> RECORDS FOR PROCESSING:
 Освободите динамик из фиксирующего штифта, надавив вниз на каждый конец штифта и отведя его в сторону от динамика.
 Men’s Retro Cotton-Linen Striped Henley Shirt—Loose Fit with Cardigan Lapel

==

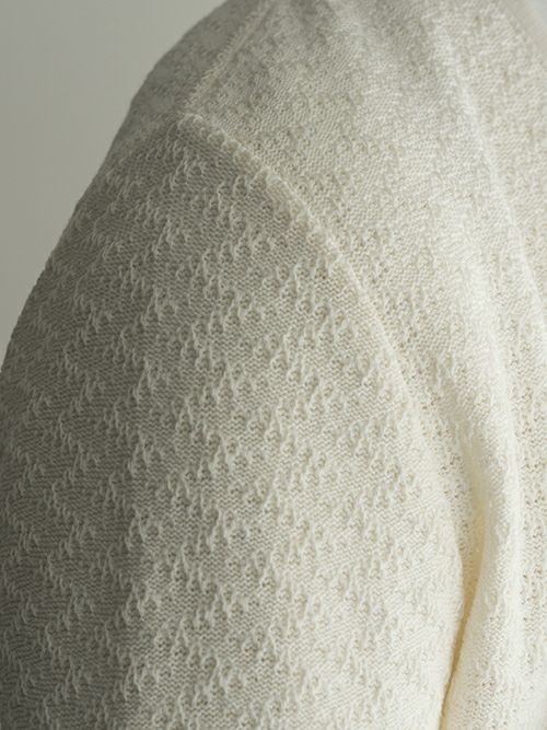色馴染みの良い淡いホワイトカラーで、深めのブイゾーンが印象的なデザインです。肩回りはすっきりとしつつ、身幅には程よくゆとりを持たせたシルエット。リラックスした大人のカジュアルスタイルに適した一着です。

> WORK TO BE COMPLETED: Going back over the entries above, copy word for word every line from the one that has "Освободите динамик из" on through the one that has "Men’s Retro Cotton-Linen".

> WRITTEN ANSWER:
 Освободите динамик из фиксирующего штифта, надавив вниз на каждый конец штифта и отведя его в сторону от динамика.
 Men’s Retro Cotton-Linen Striped Henley Shirt—Loose Fit with Cardigan Lapel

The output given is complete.